Exercise objective:
Copy each line below exactly as it appears. Pictures are to be omitted.

Given records:
---------------

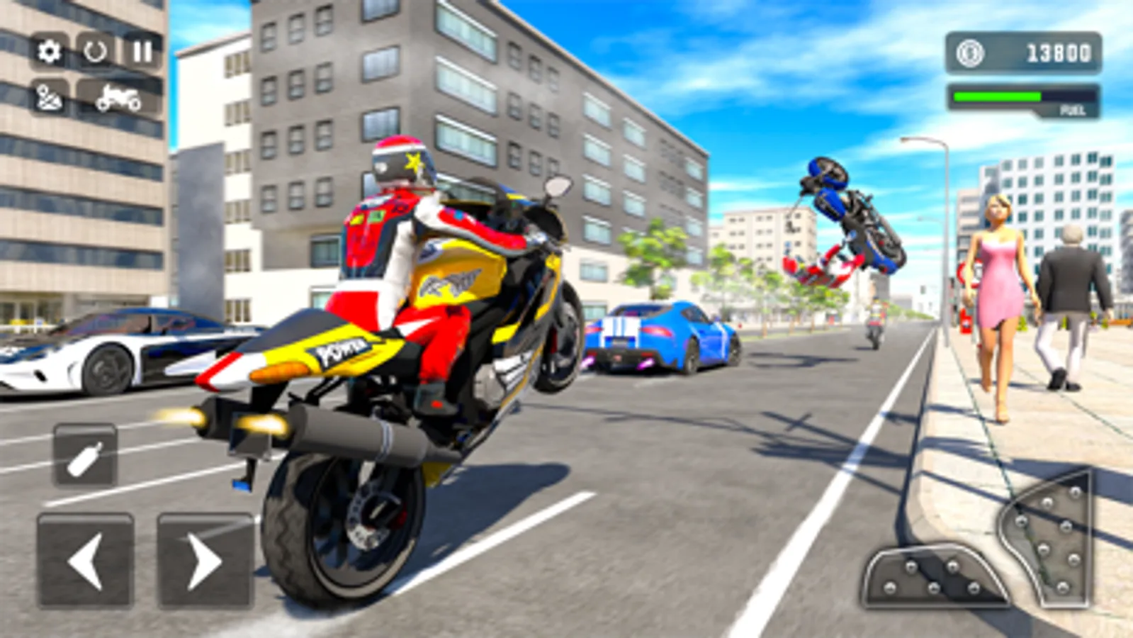 To be the best bike rider, choose the best motorcycle to drive. If you are into bikes or bike riding, then this simulator game is definitely for you. There are a variety of stylish bikes to pick from and specifically-built high-detail mechanisms that are ready to battle in this realistic and challenging bike game. During rush hour, you can control your motorcycle at astonishing speeds! To improve your bike's speed, press the turbo boost button. It's all about having a good time in this Drive Stunt Bike Simulator game! With a range of sports bike models to pick from, you can outdo your expectations when it comes to executing feats. Get ready to show off your riding and racing skills.
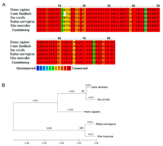 Comparison of nesfatin-1 sequence across (Homo sapiens), dog (Canis familiaris), pig (Sus scrofa), rat (Rattus norvegicus), and mouse (Mus musculus) shows a high homology at the amino acid level. (A) Nesfatin-1 amino acid sequence in human (UniProtKB: P80303), dog (UniProtKB: P80303), pig (UniProtKB: A0A5G2RI19), rat (UniProtKB: Q9JI85), and mouse (UniProtKB: P81117) were compared using the multiple sequence alignment program PRALINE [4] (https://www.ibi.vu.nl/programs/pralinewww, accessed on 13 December 2021). The scoring scheme works from 0 for the least conserved alignment position, up to 10 for the fully conserved alignment position (*). (B) Phylogenetic tree generated by the Maximum Likelihood method using the with Mega-X software (ver. 11.0.10) [5] based on amino acid sequences. The branch lengths reflect the degree of divergence of each sequence, numbers in bold on branches represent the bootstrap value.
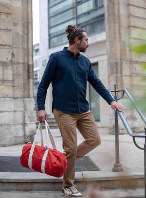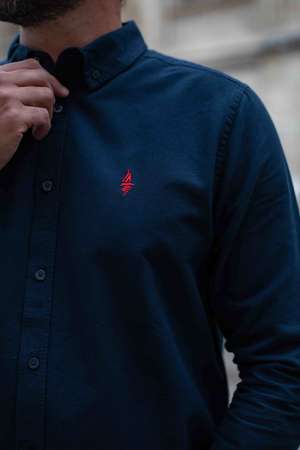 Chemise en coton marine, tissage Oxford.
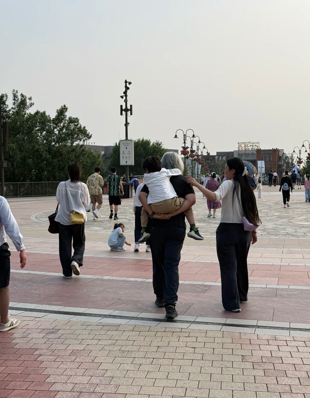 甚至在游玩的时候,还有网友拍到了张纪中背着孩子玩耍的模样。
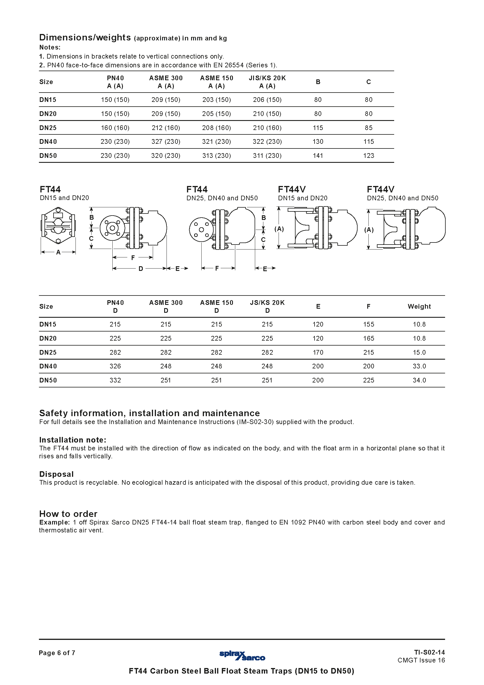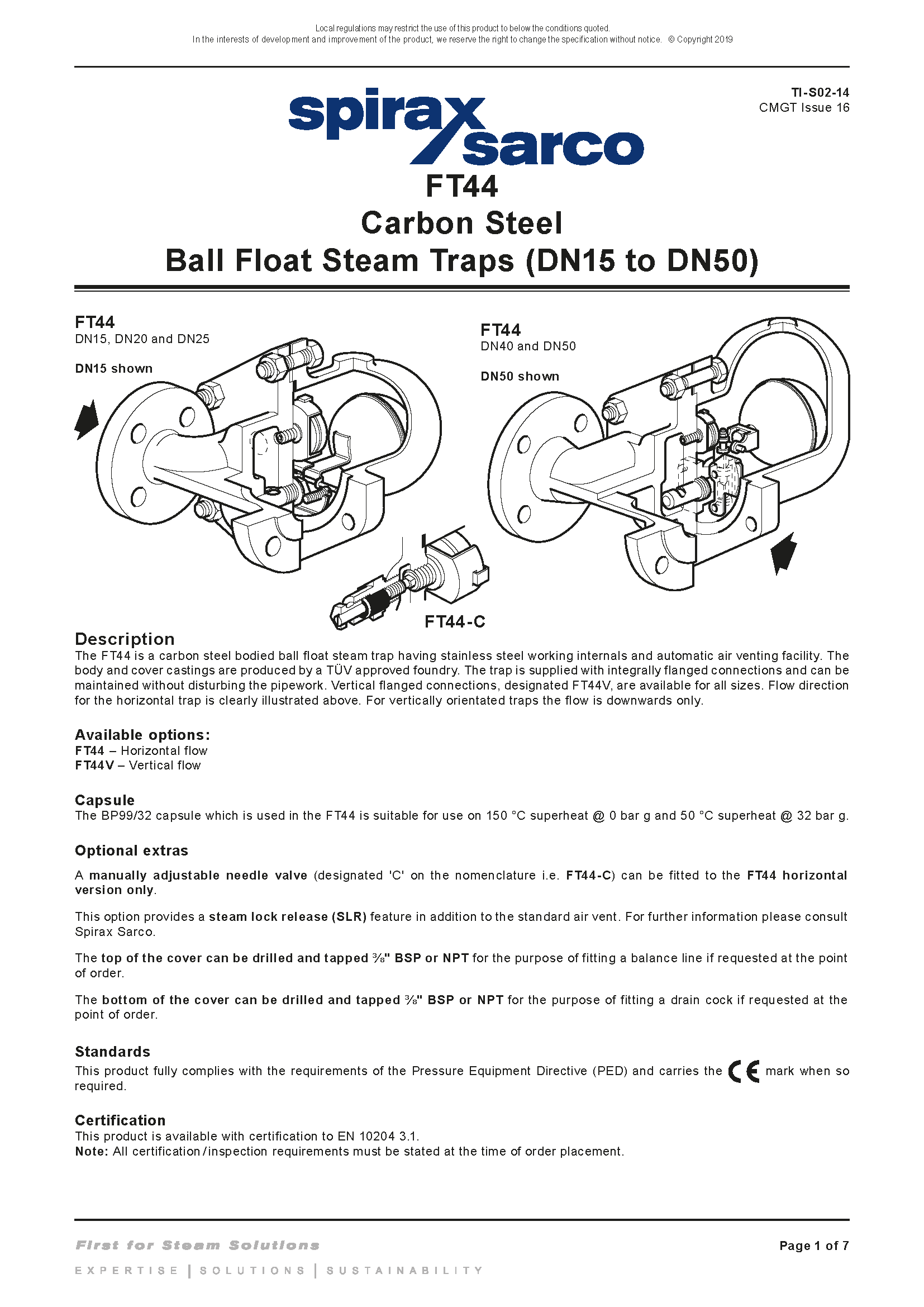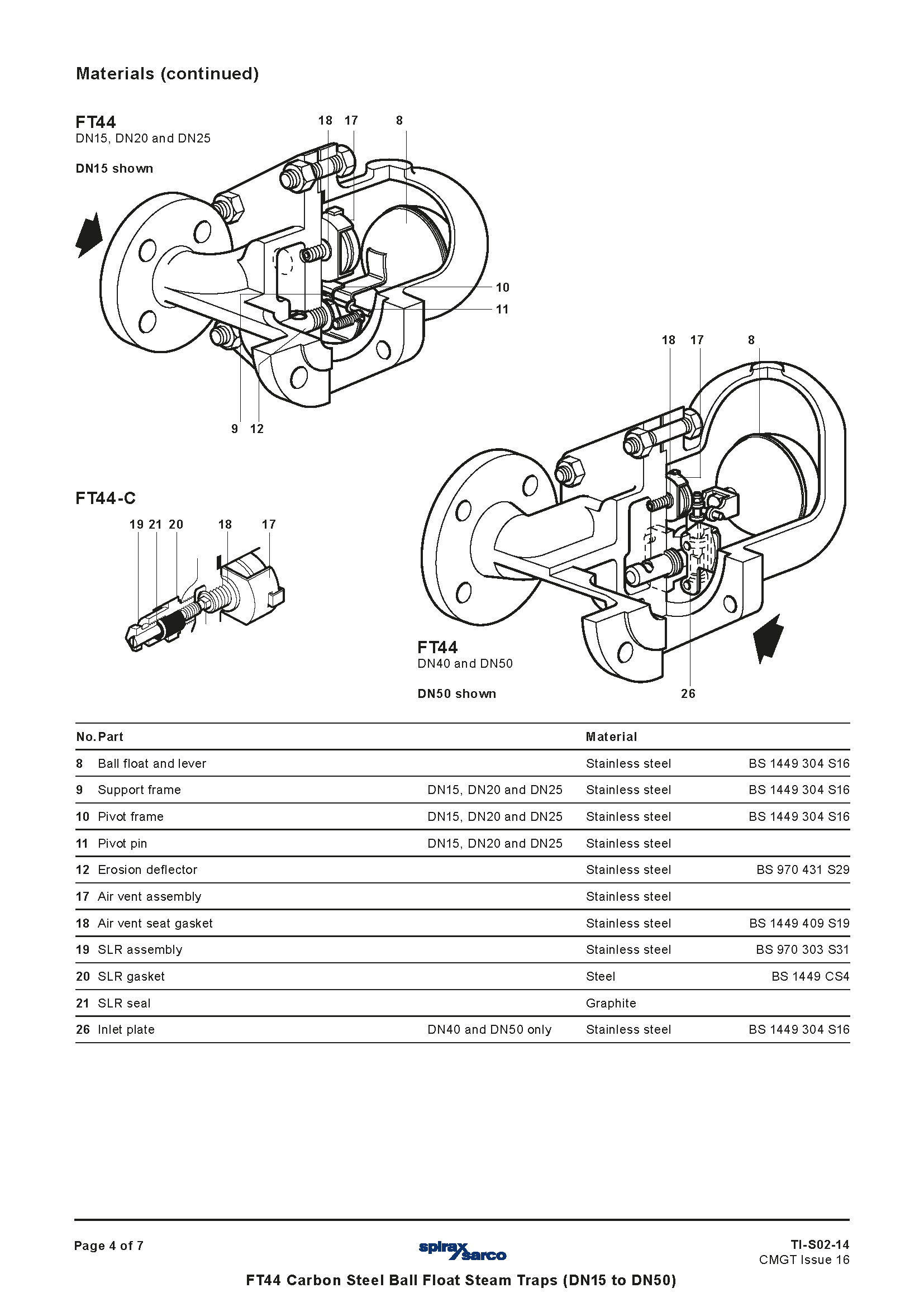 Bẫy hơi phao bi thép carbon Spirax Sarco FT44 (DN15 đến DN50) TI-S02-14

---------------

Reply to the exercise:
 To be the best bike rider, choose the best motorcycle to drive. If you are into bikes or bike riding, then this simulator game is definitely for you. There are a variety of stylish bikes to pick from and specifically-built high-detail mechanisms that are ready to battle in this realistic and challenging bike game. During rush hour, you can control your motorcycle at astonishing speeds! To improve your bike's speed, press the turbo boost button. It's all about having a good time in this Drive Stunt Bike Simulator game! With a range of sports bike models to pick from, you can outdo your expectations when it comes to executing feats. Get ready to show off your riding and racing skills.
 Comparison of nesfatin-1 sequence across (Homo sapiens), dog (Canis familiaris), pig (Sus scrofa), rat (Rattus norvegicus), and mouse (Mus musculus) shows a high homology at the amino acid level. (A) Nesfatin-1 amino acid sequence in human (UniProtKB: P80303), dog (UniProtKB: P80303), pig (UniProtKB: A0A5G2RI19), rat (UniProtKB: Q9JI85), and mouse (UniProtKB: P81117) were compared using the multiple sequence alignment program PRALINE [4] (https://www.ibi.vu.nl/programs/pralinewww, accessed on 13 December 2021). The scoring scheme works from 0 for the least conserved alignment position, up to 10 for the fully conserved alignment position (*). (B) Phylogenetic tree generated by the Maximum Likelihood method using the with Mega-X software (ver. 11.0.10) [5] based on amino acid sequences. The branch lengths reflect the degree of divergence of each sequence, numbers in bold on branches represent the bootstrap value.
 Chemise en coton marine, tissage Oxford.
 甚至在游玩的时候,还有网友拍到了张纪中背着孩子玩耍的模样。
 Bẫy hơi phao bi thép carbon Spirax Sarco FT44 (DN15 đến DN50) TI-S02-14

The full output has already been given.